Anksiyete, hayatımızın birçok alanını önemli ölçüde etkileyen, gerginlik, huzursuzluk, aşırı endişe gibi hem psikolojik hem fiziksel belirtilerle karakterize kronik bir psikolojik durumdur. Anksiyete krizleri belirtileri genellikle zamanla değişir ve belirtiler aylar ya da yıllardır devam edebilir. Anksiyete sorunu yaşayan bireylerin çoğu uykusuzluk, depresif ruh hali gibi durumlarla karşılaşılabilir. Bu gibi belirtiler kişinin günlük yaşamını, aile ve iş hayatını ciddi derecede etkileyebildiği için anksiyete durumunun önlenmesi oldukça önem taşımaktadır.
Panik ataklar anksiyeteden farklı olarak beklenmedik veya korkutucu bir durum tarafından tetiklenebilen veya kendiliğinden ortaya çıkan geçici yoğun anksiyete ataklarıdır. Bu bağlamda tipik olarak baş dönmesi, terleme, titreme, ellerde veya kollarda uyuşma, nefes darlığı, kalp çarpıntısı ve ölüm korkusu ile ilişkilidir.
Panik atak durumunda yaşanan belirtilerin şiddetinde ve süresinde önemli farklılıklar vardır. Kaygı ve panik ataklarının oraya çıkmasında biyolojik, psikolojik ve çevresel faktörlerin rol oynadığı bilinmektedir.
Anksiyete önlenmesi noktasında belirtilerin çok şiddetli olması, uzun süredir deneyimlenmesi gibi durumlarda farklı durumlardan yararlanılabilir. Belirtmek gerekir ki anksiyete belirtilerinin kalıcı olarak değişebilmesi için psikoterapi gereklidir. Anksiyetenin kalıcı olarak önlenmediği durumlarda, bireyin yaşamında dönem dönem benzer sorunlar yaşadığı görülmektedir. Sistemde çalışmalar anksiyete belirtilerinin ilaçsız, psikoterapi ile çoğu zaman geçebileceğini göstermektedir.

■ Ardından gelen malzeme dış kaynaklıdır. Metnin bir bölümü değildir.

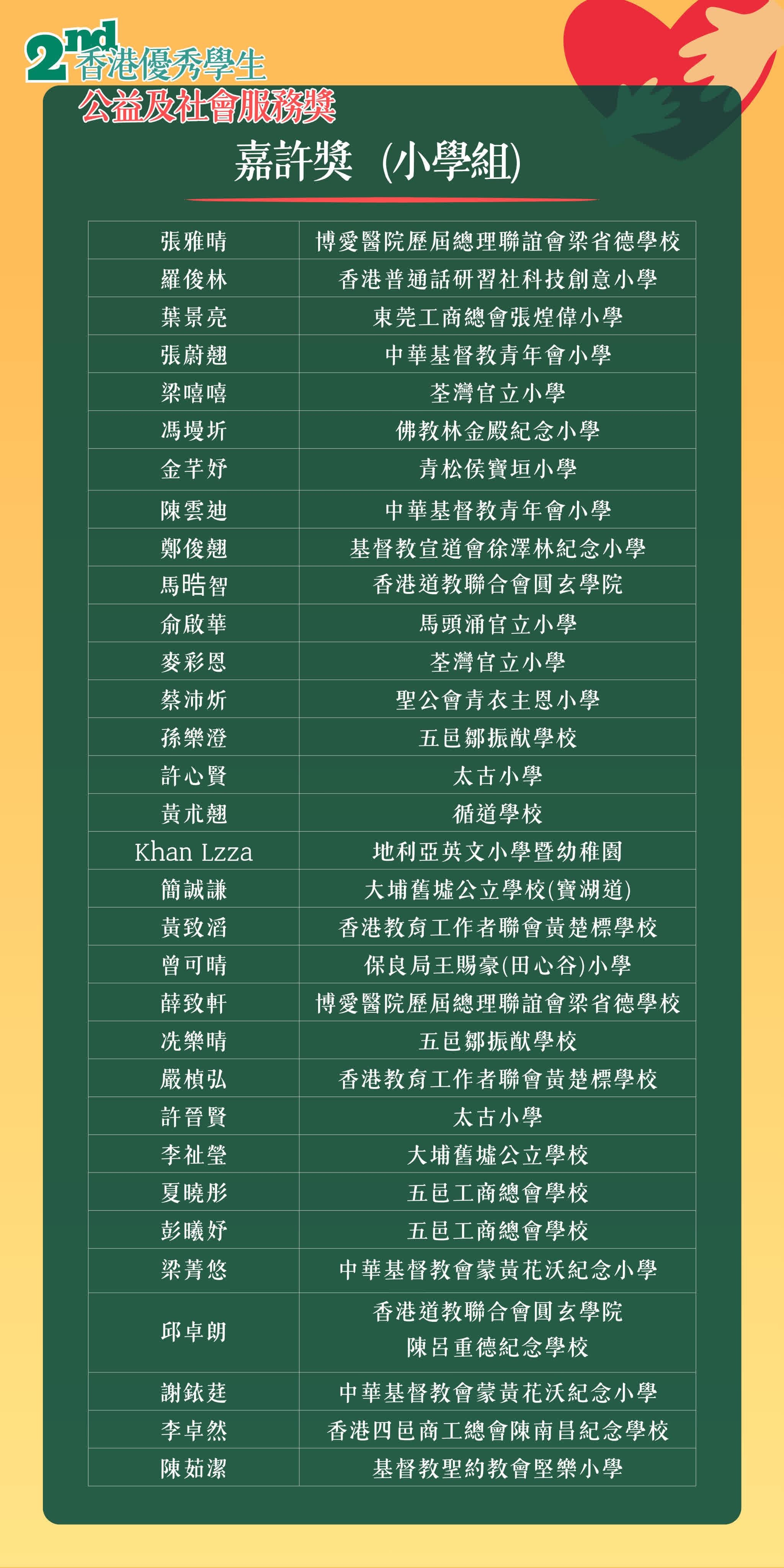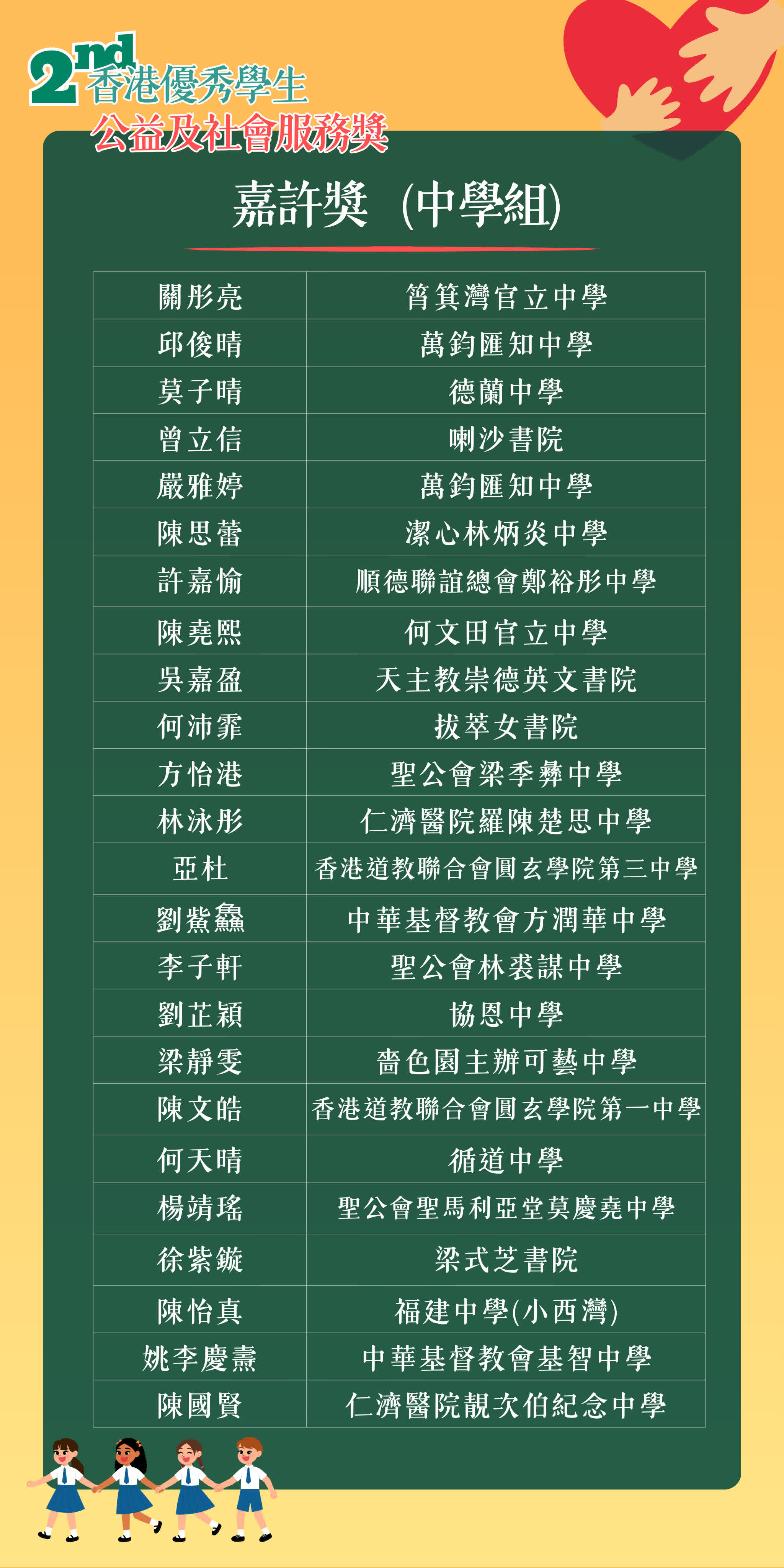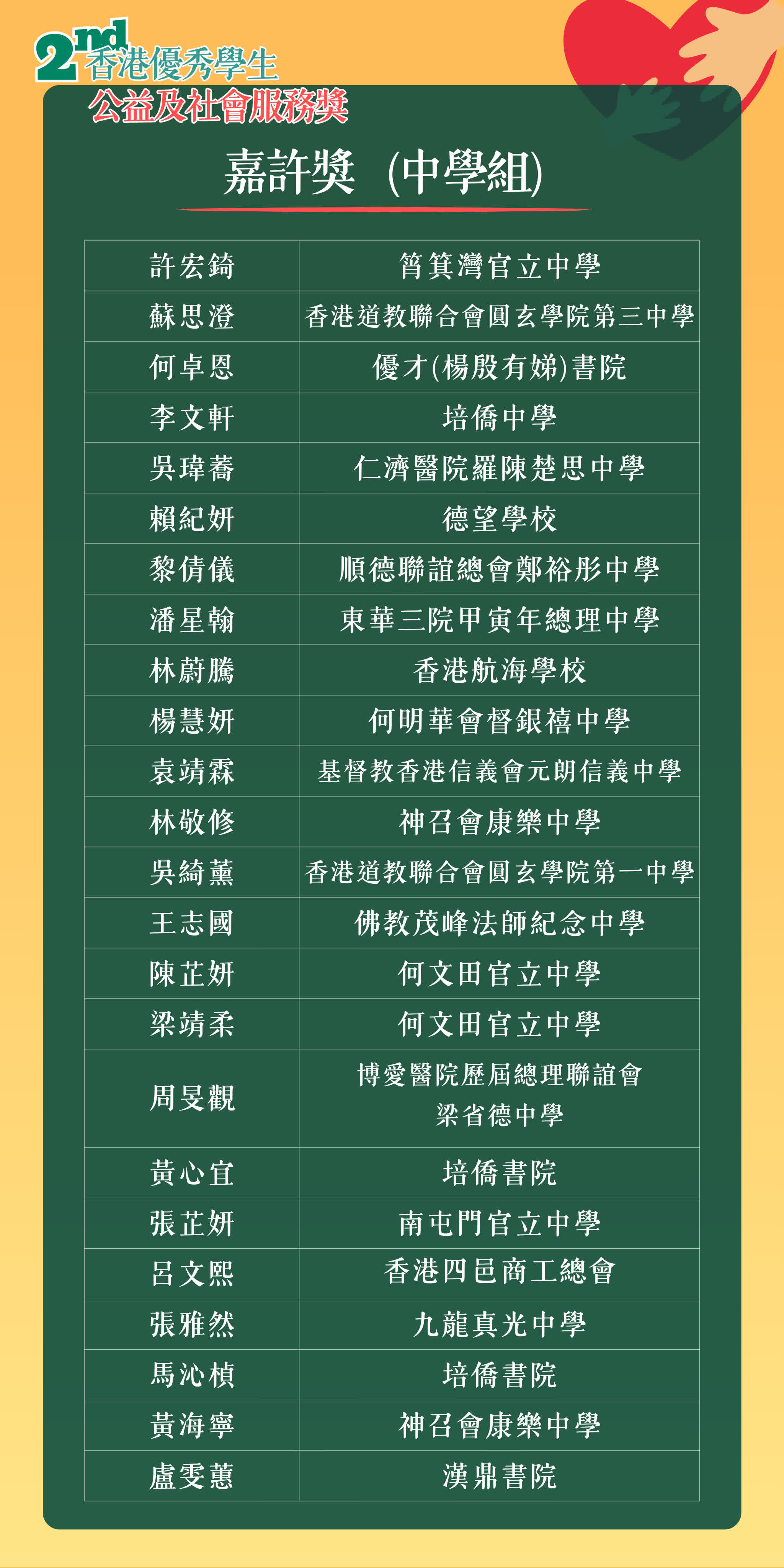 第二屆「香港優秀學生公益及社會服務獎」得獎名單如下:

Anksiyete krizleri yaşayan kişiler için konuşma terapisi özellikle önem taşımaktadır. Konuşma terapisinin önemli bir parçası olan psikoeğitim, anksiyetenin bedensel belirtileri, endişeden kaygıya giden mekanizma hakkında fayda sağlamaktadır.
Anksiyetenin önlenmesinde bilişsel davranışçı terapi, en sık kullanılan ve en etkili psikoterapi yöntemlerindendir. Bu psikoterapinin amacı, kişinin düşüncelerinin duygularını ve davranışlarını nasıl etkilediğini anlamasına ve gerçekçi ve işlevsel değerlendirmeler yapabilmesine yardımcı olmaktır. Anksiyete belirtileri belirgin bir sıkıntı gösterdiği zaman ve kişinin sosyal ve mesleki işlevinde bozulmalar oluşmaya başladığı zaman uzman destek gereklidir.